We assessed the ability of the targeted liposomes to efficiently deliver a therapeutic cargo into the mitochondrial subcellular compartment and determined the cytotoxicity of PCL delivered to the cells by targeted and nontargeted formulations. The result strongly supports the mitochondrial-targeting property of Rh123-L as evident from the enhanced cytotoxicity.

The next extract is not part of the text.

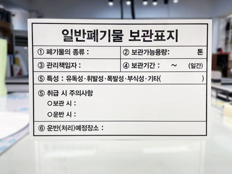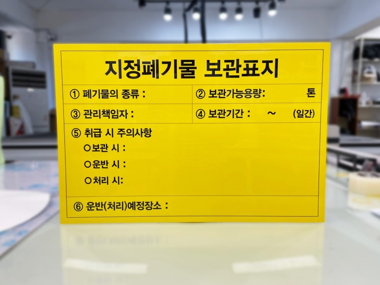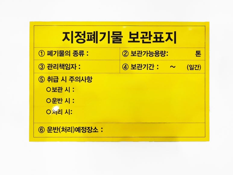 보관 표지는 지정폐기물을 안전하게 보관하고 처리하도록 제작되었습니다~

Overall, our results demonstrate that surface modification of liposomes with the novel amphiphilic Rh123-PEG-PE copolymer not only facilitates cellular association and internalization, but also directs the trafficking of the nanoparticles to a specific subcellular compartment, mitochondria. The substantial increase in the cell killing ability of PCL-Rh123-L compared with PCL-PL confirms the efficient delivery of PCL into the targeted site of PCL’s action and suggests that this novel liposomal formulation could serve more generally as mitochondrial-targeted drug-delivery system.
This work was supported by the NIH grant # RO1 CA128486 to Vladimir P. Torchilin.
Declaration of interest
The authors report no conflicts of interest. The authors alone are responsible for the content and writing of the paper.